Ignore Culture
If something is wrong. Say something, do something. When you ignore problems consistently over a long period of time, you end up developing an anti-pattern, which I call “Ignore Culture”. When you ignore warnings in the build, when you ignore old versions of libraries, when you ignore anti-patterns on the code. When you ignore production monitoring. When you ignore requirements that make no sense.
Does not matter if you were the one who did the code or not. You must take ownership and under your watch you should ignore nothing.
Ignoring can become a culture because managers can easily do this. Engineers, often pressured by managers also can ignore several wrong things. What’s wrong should not be ignored, it should be fought and pushed back.
Lack of fighting for what is right is immaturity. As an architect you must not ignore what’s wrong. Do not let this become a culture. Ignore culture can happen so easily when people say “It’s not my job”, or “It’s not my code” or “It’s not my project” or “It’s not my responsibility”, the extreme lack of ownership can lead to ignore culture. When you are ignoring problems you are making fertile ground for anti-patterns to grow. Tech debt plague requires ignore culture to thrive.
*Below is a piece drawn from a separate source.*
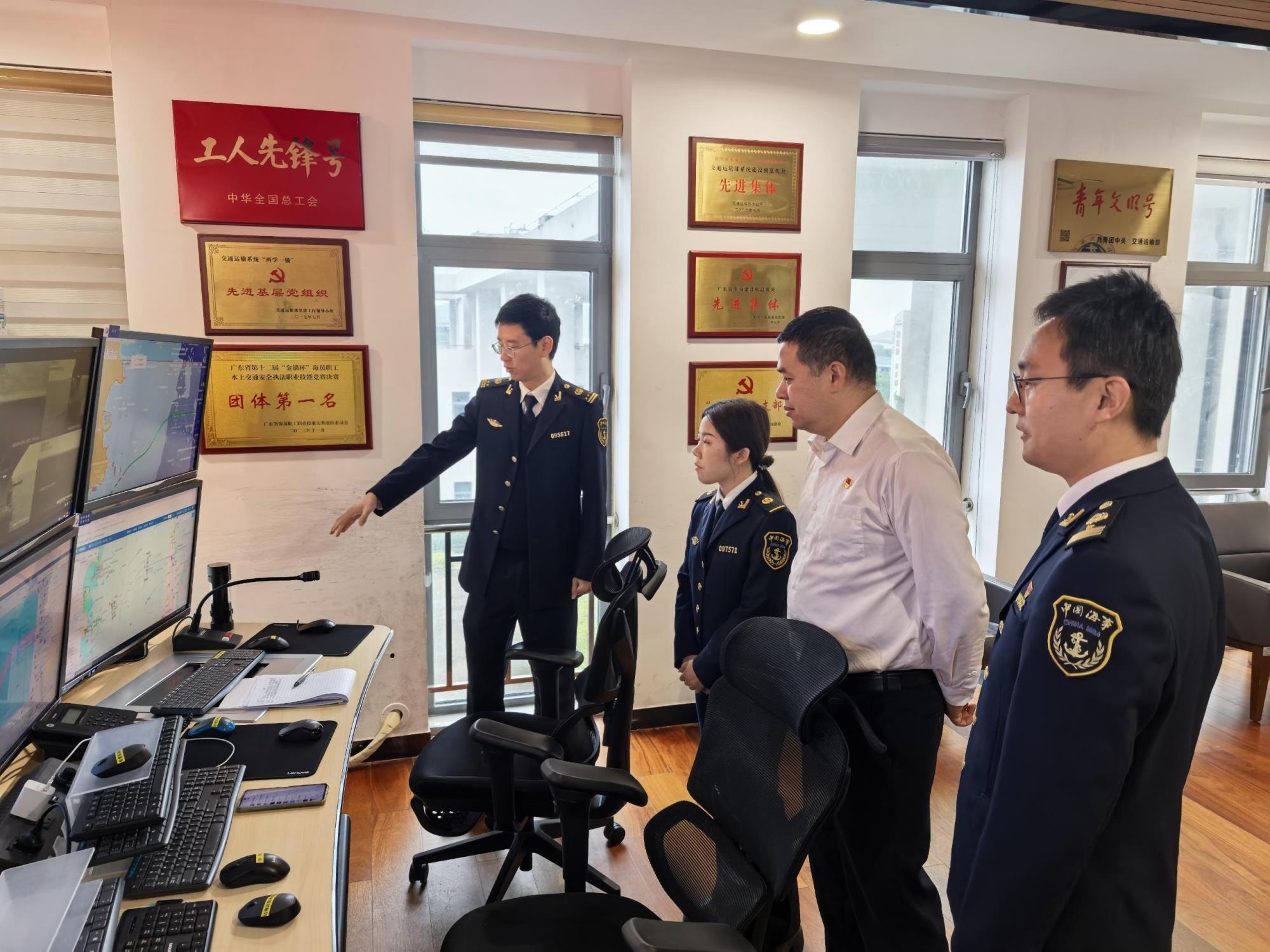 联勤联动聚合力,协同值守保平安。为凝聚安全保障合力,破解单一监管瓶颈,自3月4日起,港珠澳大桥航标处主动选派业务骨干进驻港珠澳大桥海事局,开展两会期间现场联合值班,构建“信息共享、协同研判、联合处置”的工作格局。双方紧扣港珠澳大桥水域通航安全核心需求,聚焦“海事智慧监管、航标效能实时监控、船碰桥风险精准防范”等关键领域,深化全方位业务交流与协同配合,推动保障工作提质增效。同时,双方常态化开展联合巡航巡检,重点排查船舶违规航行、航标移位等安全隐患,以联勤联动凝聚起守护大桥水域安全的强大合力,切实防范各类水上安全事故发生。

Why you need to know this?
Because you will very likely see this happen in a small or large scale. The question is how you behave. Yes, an architect must care about culture. Caring is the first step to change. You can’t change just with software and technology you must address culture by being part of the change you want see.
An architect is a leader, it’s a teacher, therefore it must set an example of caring, passion, and action-oriented behavior. Even if little, every PR counts, every little improvement counts.